Your goal:
Word for word, restate the lines of the data below between those holding "定制大理石景观雕塑户外大型石雕动物雕像城市园林大象石材制作" and "In Memory of", inclusive; pictures do not belong in the copy.

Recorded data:

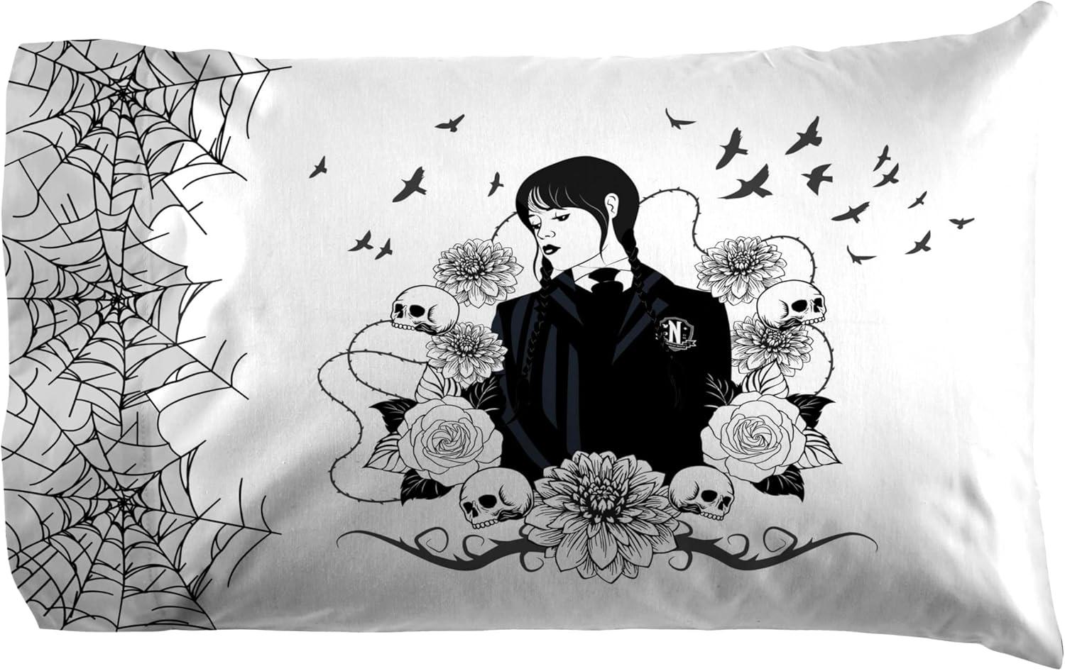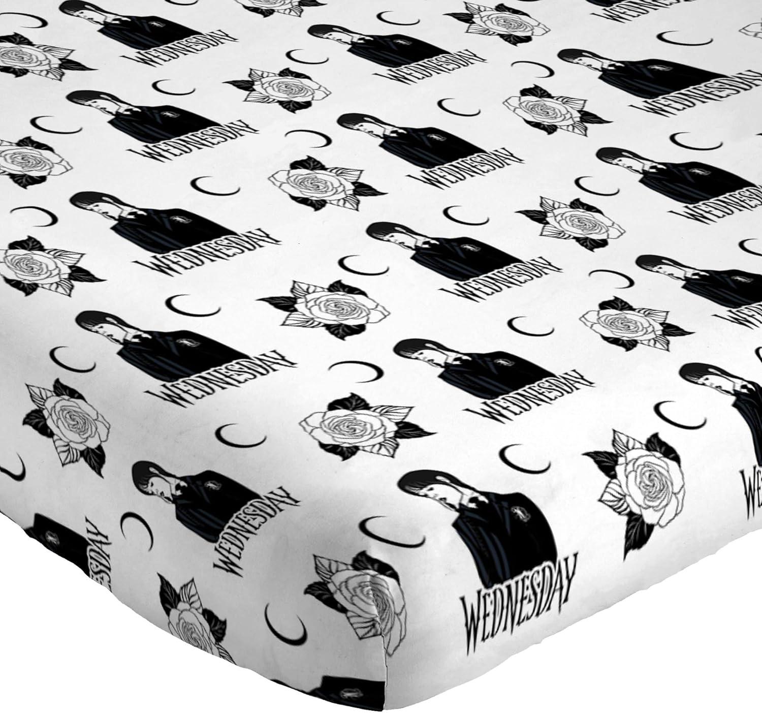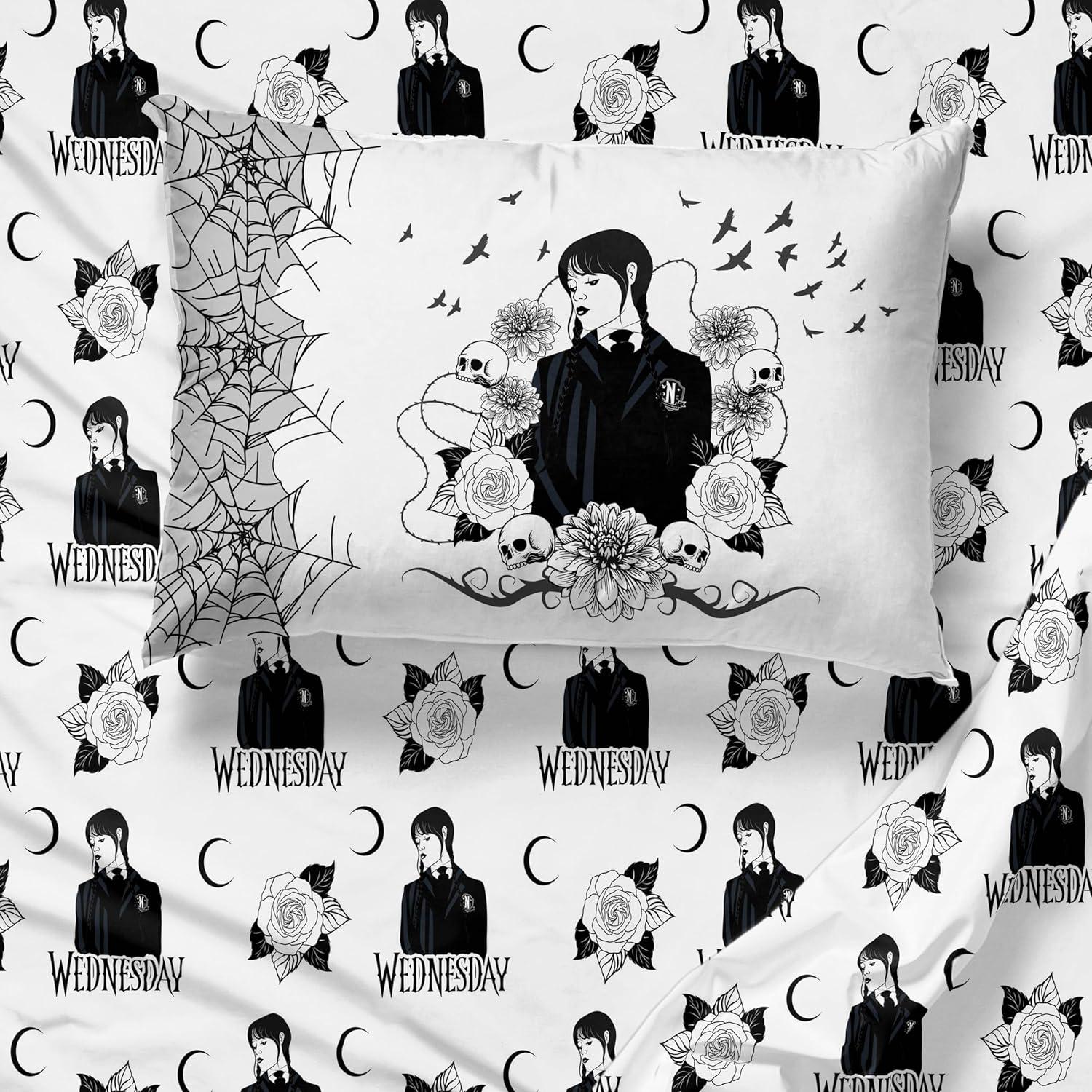 Jay Franco Kids Sheet Set with Fitted, Flat Sheets & Pillow Cover - Ultra-Soft Bedding with Pillowcase for Room Decor, White - Mickey Mouse, 4 Piece Full(White - Wednesday)
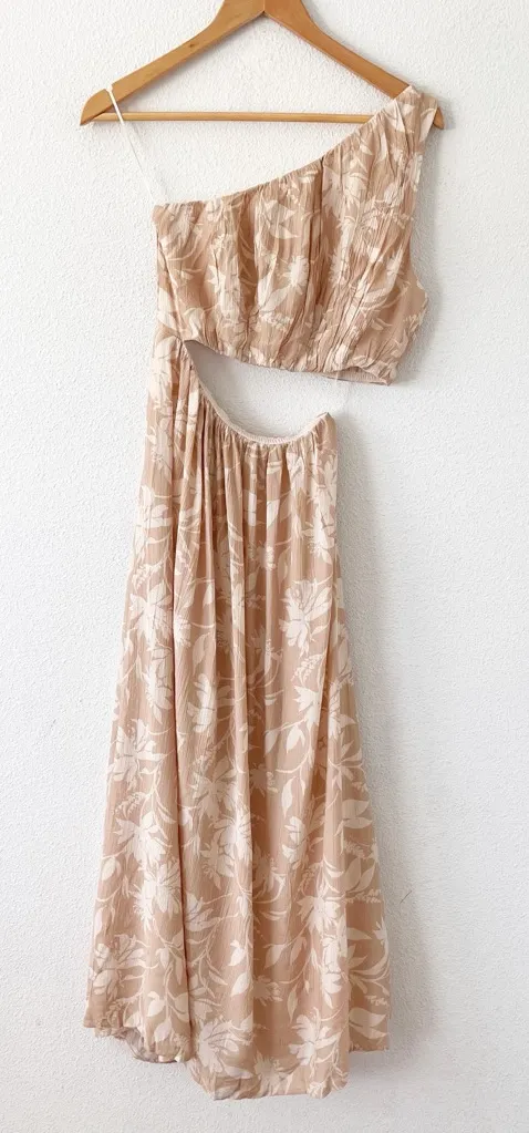 size S. Sleek cutout waist and a flowy, feminine silhouette. Crafted in a neutral tan floral print,... Show more
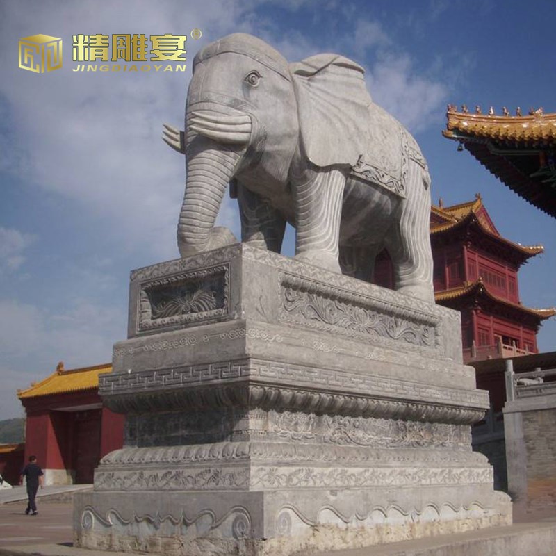 定制大理石景观雕塑户外大型石雕动物雕像城市园林大象石材制作
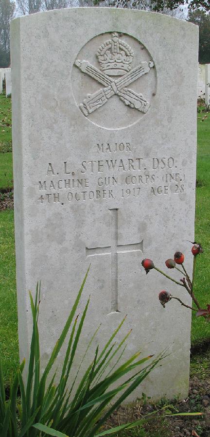 In Memory of Major ALBERT LEWIS STEWART D S O 22nd Bn., Machine Gun Corps (Infantry) who died age 28 on 04 October 1917 Son of Mrs Stewart of 101 Wellesley Avenue, Belfast; and the late James Stewart (Solicitor). Remembered with honour HOOGE CRATER CEMETERY
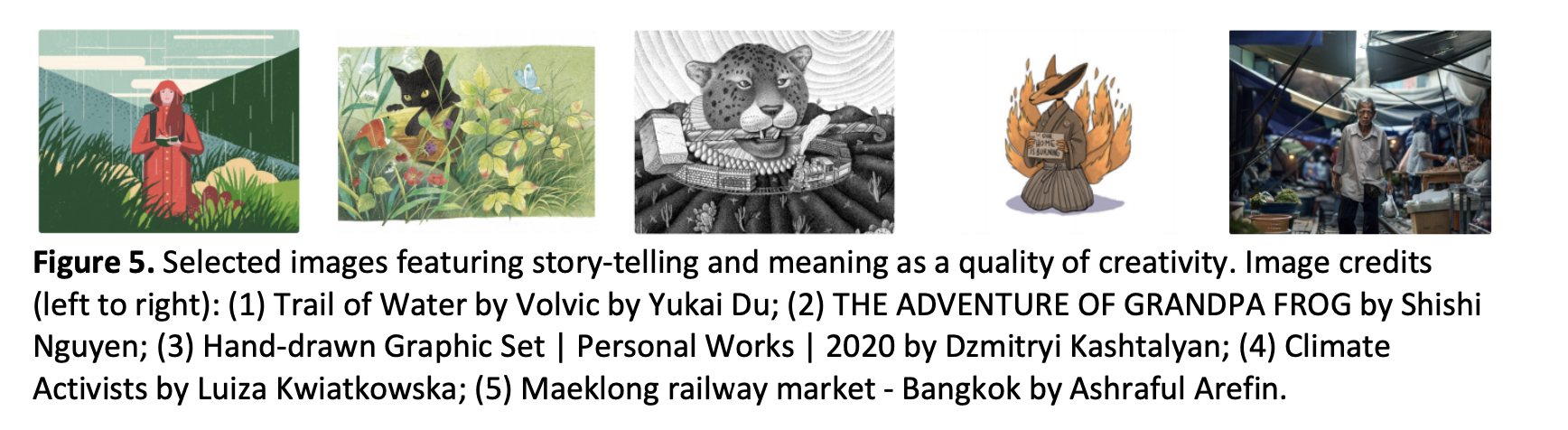 The qualitative results reveal that viewers define creative works as those that are novel, visually appealing, meaningful, and attention-grabbing. The drawing of attention appears to indicate creative success specifically in the digital realm, where an onslaught of visual content necessitates enhanced saliency. Indeed, as has been well-documented, social media’s business model produces an "attention economy," in which platforms vie for users’ attention in order to claim profitable views, clicks, etc. This has caused users to expect evermore salient content; in order to remain competitive, social websites have rewarded and prioritized attention-grabbing content. Such prioritization occurs by way of proprietary algorithms that take user behavior as input and optimize for human attention. This prioritization reinforces users’ expectations for more and more attention-grabbing content in online environments, and this may have caused the overvaluation of eye-catching pieces in my study. If users have a strongly-developed habit of scrolling mindlessly through an endless array of content until a piece catches their eye, they may automatically use that tactic to scope creative content as well. It’s also worth considering the online meta-performance of engaging with creative content via social websites, signaling to one’s network that one is both culturally-informed and artistically-aware in a Bordieuan fashion. Here, the tension between self-curation (a la Goffman) and algorithmic curation (a la Hogan) is brought into relief.
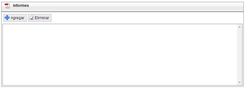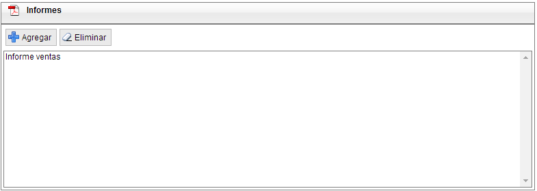 En la parte superior hay dos botones, que permiten añadir y eliminar informes de la lista. Para agregar un nuevo informe se debe pulsar en el botón
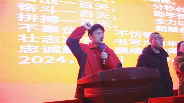 “有志者,事竟成,破釜沉舟,百二秦关终属楚;苦心人,天不负,卧薪尝胆,三千越甲可吞吴”高三学生代表彭子涵鼓励同学们,在这最后100天,要学习董仲舒目不窥园的毅力,一心向学;学习苏秦刺股的决心,刻苦努力;学习贾岛推敲的态度,精益求精,以雄心壮志决胜高考,不留遗憾。
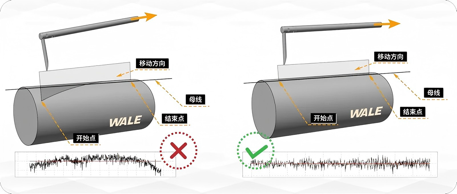 调整工件,使其基准母线位于XZ测量平面内并与测量导轨方向平行。
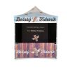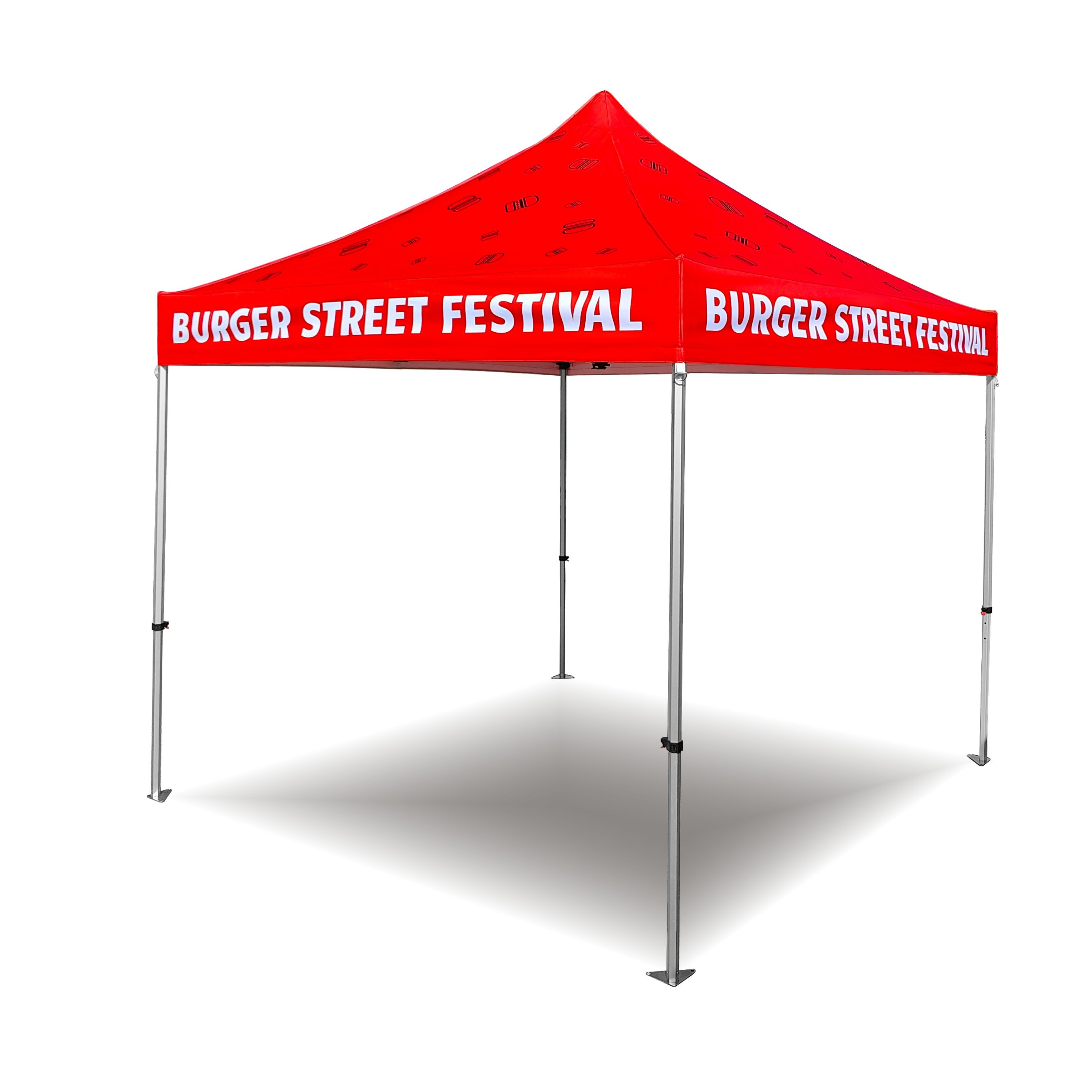 Tendas publicitárias com impressão digital por sublimação. A impressão é realizada por meio de um processo químico no qual a tinta penetra diretamente na estrutura do tecido devido ao calor. Logotipo, texto ou qualquer outro tipo de gráfico na parte interna ou externa da tenda de acordo com o desejo do cliente.

Exercise answer:
 定制大理石景观雕塑户外大型石雕动物雕像城市园林大象石材制作
 In Memory of Major ALBERT LEWIS STEWART D S O 22nd Bn., Machine Gun Corps (Infantry) who died age 28 on 04 October 1917 Son of Mrs Stewart of 101 Wellesley Avenue, Belfast; and the late James Stewart (Solicitor). Remembered with honour HOOGE CRATER CEMETERY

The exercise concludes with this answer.